*** INFORMATION SHOWN Section Begins ***

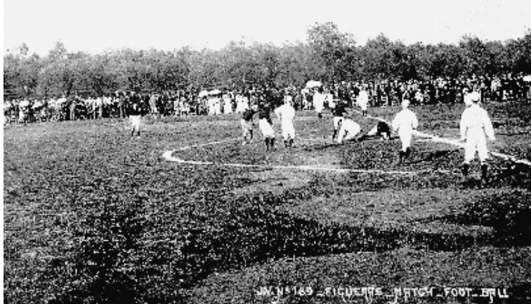
L'any 1909, en el Camp dels Enginyers, es va jugar el primer partit de futbol de la comarca entre l'Esport Club Empordanès, del Casino Sport Figuerenc i el Girona Football Club.

Per les Fires i Festes de la Santa Creu de Figueres, els dies 4 i 5 de maig de l'any 1912 es va celebrar al Camp dels Enginyers de Vilafant el primer festival d'aviació de la comarca, que fou el tercer en la història aèria de Catalunya. El va organitzar el comitè de festes de Figueres i fou presenciat per unes trenta mil persones. Es pot dir que hi havia quasi tota la gent de l'Empordà. L'aviador francès Henri Tixier va concertar el vol amb la comissió de festes de l'Ajuntament de Figueres per la quantitat de tres mil pessetes. L'aeroplà va arribar desmuntat per ferrocarril i calgué traslladar-lo des de l'estació de Figueres fins al Camp dels Enginyers, damunt les espatlles d'uns quants entusiastes. Va fer tres exhibicions, que van costar tres mil pessetes. El motor de l'avió era de 50 cavalls. Les ales estaven recobertes amb tela de fil, i el fusellatge era de fusta sense cap nus. El dia 4 de maig, la gent en corrua, vinguda de tot arreu de la comarca, van anar cap al camp, que es va omplir de gom a gom. La primera prova va consistir en una volta d'uns vint quilòmetres que va durar 13 minuts i 55 segons. Va pujar fins a una altura de 550 metres a una velocitat de 150 km. Fou un esdeveniment extraordinari, una cosa mai vista i que semblava
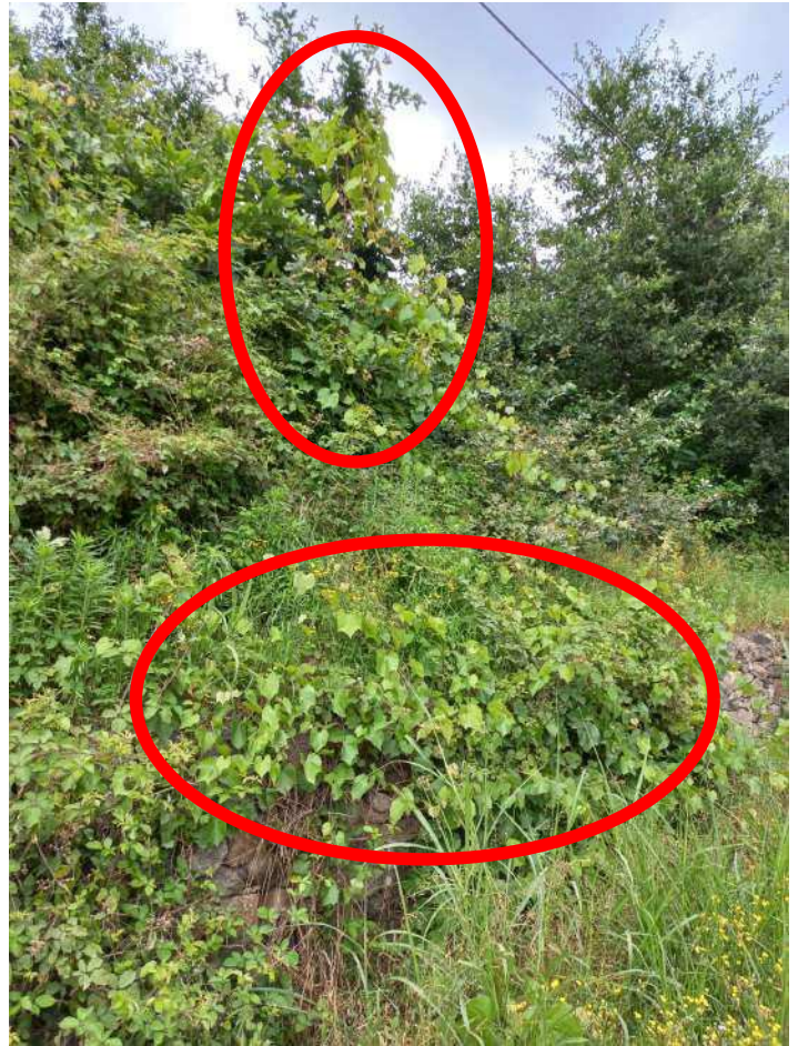
ESEMPI DI VITE INSELVATICHTA RICOPRENTE LA VEGETAZIONE ERBACEA E ARBOREA; LE FOTO NE EVIDENZIANO IL CARATTERISTICO PORTAMENTO

*** INFORMATION SHOWN Section Ends ***

REQUIREMENT
Copy whichever lines in the listing above hold "Camp".

RESPONSE AREA
L'any 1909, en el Camp dels Enginyers, es va jugar el primer partit de futbol de la comarca entre l'Esport Club Empordanès, del Casino Sport Figuerenc i el Girona Football Club.
Per les Fires i Festes de la Santa Creu de Figueres, els dies 4 i 5 de maig de l'any 1912 es va celebrar al Camp dels Enginyers de Vilafant el primer festival d'aviació de la comarca, que fou el tercer en la història aèria de Catalunya. El va organitzar el comitè de festes de Figueres i fou presenciat per unes trenta mil persones. Es pot dir que hi havia quasi tota la gent de l'Empordà. L'aviador francès Henri Tixier va concertar el vol amb la comissió de festes de l'Ajuntament de Figueres per la quantitat de tres mil pessetes. L'aeroplà va arribar desmuntat per ferrocarril i calgué traslladar-lo des de l'estació de Figueres fins al Camp dels Enginyers, damunt les espatlles d'uns quants entusiastes. Va fer tres exhibicions, que van costar tres mil pessetes. El motor de l'avió era de 50 cavalls. Les ales estaven recobertes amb tela de fil, i el fusellatge era de fusta sense cap nus. El dia 4 de maig, la gent en corrua, vinguda de tot arreu de la comarca, van anar cap al camp, que es va omplir de gom a gom. La primera prova va consistir en una volta d'uns vint quilòmetres que va durar 13 minuts i 55 segons. Va pujar fins a una altura de 550 metres a una velocitat de 150 km. Fou un esdeveniment extraordinari, una cosa mai vista i que semblava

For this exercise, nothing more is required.